Che cos'è un attacco DDoS?
Un attacco DDoS è una forma di attacco informatico in cui un hacker utilizza numerosi computer compromessi (una botnet DDoS) per produrre un attacco volumetrico, con l'obiettivo di sovraccaricare un sistema di destinazione. Questo tipo di attacco può rendere il target (un servizio o un server) inaccessibile agli utenti legittimi. Puoi considerare un attacco DDoS come un'ondata di traffico illegittimo proveniente da varie fonti che di fatto rende incapace il sistema di destinazione.

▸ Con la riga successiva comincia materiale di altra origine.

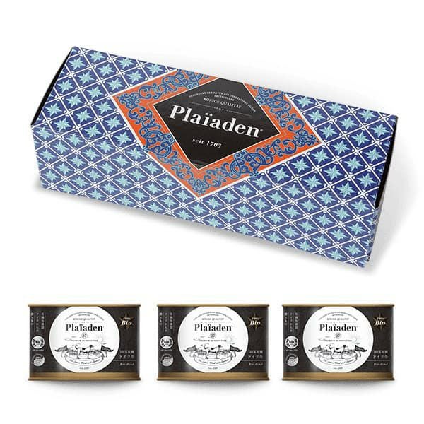 ドイツ産Bio牛肉たっぷりのウェットフード。200g缶を3缶セットにしてギフトBOXに詰めました。
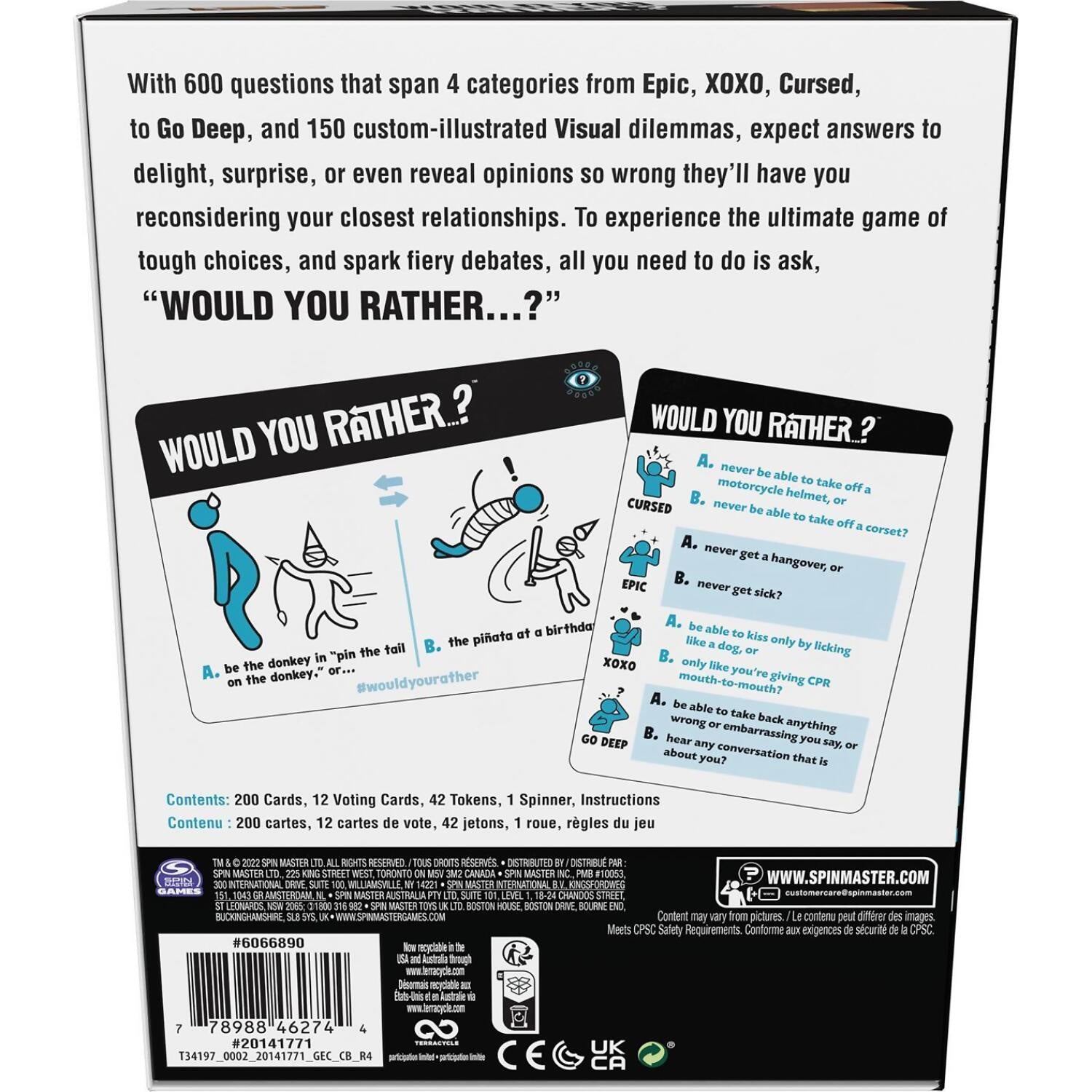 Introducing Would You Rather? The Game. From Spin Master Games, this adult card game is for 3-6 players, ages 14 and up. Players are forced to make tough decisions between two equally terrible OR equally fabulous options.

Come vengono create le botnet?
Per creare una botnet, i botmaster infettano innanzitutto una rete di dispositivo che utilizzeranno per eseguire attacco. Per infettare i dispositivo, gli hacker entrano tramite exploit del software, exploit del firmware o download di malware da un link o file compromesso. Una volta che un dispositivo è infettato, il botmaster può usare le risorse computazionali combinate per eseguire i propri attacchi, spesso senza che il proprietario del dispositivo ne sia a conoscenza. Sebbene non esista un numero prestabilito di dispositivi infettati necessario per creare una botnet, più estesa è la rete di dispositivi infettati, più significativo può essere l'impatto di un attacco. Una volta infettati, esistono due modelli per controllare i dispositivo.

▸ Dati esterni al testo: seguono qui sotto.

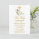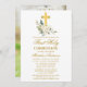 Die elegante Watercolor White Floral First Heilige Kommunion Einladung beinhaltet weiße Rosen & Blume und botanische Vegetation. Gold Cross. Foto zurück.
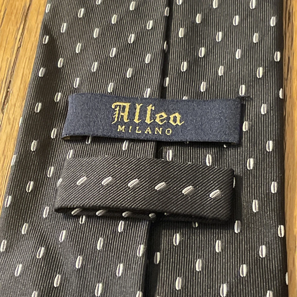 The EUC Altea Milano Woven Geometric Silk Tie is a luxurious men's necktie made in Italy. Crafted from 100% silk fabric with a classic width, this designer tie features a multicolor geometric pattern that exudes a preppy and sophisticated style. The brand's reputation for quality and elegance is evident in this exquisite accessory, perfect for adding a touch of refinement to any formal or professional outfit. Made in Italy, this tie is a standout piece for those who appreciate fine craftsmanship and timeless design.

Come vengono controllate le botnet?
Modello client-server
Il controllo dei bot richiede un'infrastruttura che consenta la comunicazione tra il server (il botmaster) e i relativi client (il computer o i dispositivo infetti). Il modello client-server è stato il primo a consolidarsi e funziona creando un server centralizzato (server di comando & controllo o C&C in breve) per consegnare istruzioni. In altre parole, nel modello client-server, i client si basano esclusivamente sulle istruzioni fornite dal server C&C del botmaster. La dipendenza crea il principale svantaggio del modello perché, se il server C&C viene individuato e disabilitato, l'intera botnet diventa inutilizzabile.
P2P e comando e controllo decentralizzati
I modelli peer-to-peer (P2P) e C&C decentralizzati sono emersi per aggirare lo svantaggio centralizzato del modello client-server. In questo modello, qualsiasi client può operare come server. Invece di ricevere istruzioni da un'unica fonte, qualsiasi client nella botnet può propagarle. Sebbene questo modello possa rallentare la distribuzione delle istruzioni, rende quasi impossibile smantellare questa botnet.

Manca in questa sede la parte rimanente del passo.